Sonnet BioTherapeutics Holdings, Inc. (the “Company” or “Sonnet”)
(NASDAQ: SONN), a clinical-stage company developing targeted
immunotherapeutic drugs, today announced it has entered into a
Master Clinical Collaboration Agreement (the “Agreement”) with the
Sarcoma Oncology Center, to advance the development of SON-1210,
the Company’s proprietary, bifunctional version of human
Interleukins 12 (IL-12) and 15 (IL-15), configured using Sonnet's
Fully Human Albumin Binding (FHAB®) platform, in combination with
chemotherapy for the treatment of metastatic pancreatic cancer.
“We are very pleased to enter into this
strategic development collaboration to advance SON-1210 with this
prestigious organization and in a program that we believe has the
potential to address a significant area of unmet need.
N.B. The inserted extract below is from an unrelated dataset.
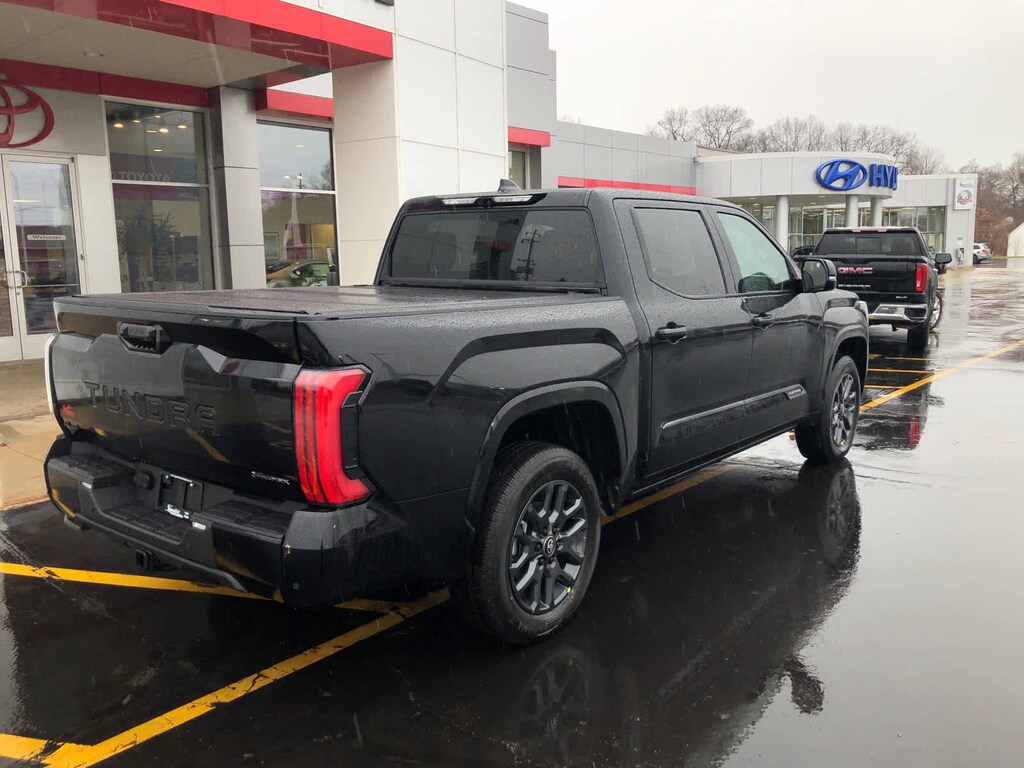 power bed step and step cover, TRI-FOLD TONNEAU COVER (TMS), speedometer, navigation and hybrid system indicator, ALL WEATHER FLOOR LINERS (TMS). Toyota Platinum Hybrid with Midnight Black Metallic exterior and Black interior features a V6 Cylinder Engine with 437 HP at 5200 RPM*.

We expect
that this development approach will provide us with valuable
information in a high-value cancer indication that will add to our
growing body of data, which we believe will potentially drive value
in our platform and enable us to preserve cash resources,”
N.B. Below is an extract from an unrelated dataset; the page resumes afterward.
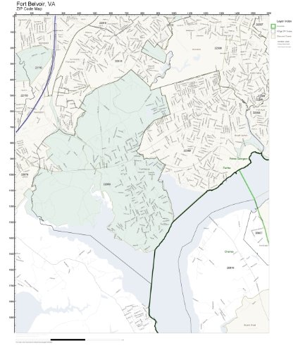directions Fort Belvoir, Virginia Zip Code Boundary Map (VA).

commented Pankaj Mohan, Ph.D., Founder and CEO of Sonnet.
Dr. Hendifar, a renowned physician developing
new therapies for pancreatic cancer and neuroendocrine tumors and
Associate Professor of Medicine, Medical Director – Pancreatic
Cancer, Co-Director – Hematology-Oncology Fellowship Program and
Medical Director - Gastrointestinal Oncology Disease Research Group
at Cedars-Sinai, added, “Pancreatic cancer incidence is growing
worldwide and the advancements in the standards of care beyond
chemotherapies has been limited. We believe a novel immunotherapy
such as SON-1210 offers an exciting opportunity to improve outcomes
for patients.”
Under the terms of the Agreement, the IIOC, led
by Dr. Sant Chawla, Director of the Sarcoma Oncology Center, in
collaboration with Sonnet, will prepare a protocol and conduct an
investigator-initiated Phase 1/2a clinical study to evaluate
SON-1210 in combination with several chemotherapeutic agents
including but not limited to liposomal irinotecan,
5-fluorouracil/leucovorin, and oxaliplatin (“NALIRIFOX”) for the
specific treatment of metastatic pancreatic cancer. NALIRIFOX is
U.S. FDA-approved for the treatment of metastatic pancreatic cancer
in the front-line and refractory settings. Sonnet will provide the
study drug, SON-1210, and support services for the planned Phase
1/2a study.
“We are very excited to enter this collaboration
with Sonnet. Cancers are hungry for albumin and albumin-bound drugs
are taken up preferentially by cancer cells,” added Dr. Chawla, a
leading authority in medical treatment and clinical research for
bone and soft-tissue sarcomas and sarcoma therapy. “We know this is
a validated mechanism for enhancing efficacy and reducing toxicity
and there are no immunotherapies approved for pancreatic cancer.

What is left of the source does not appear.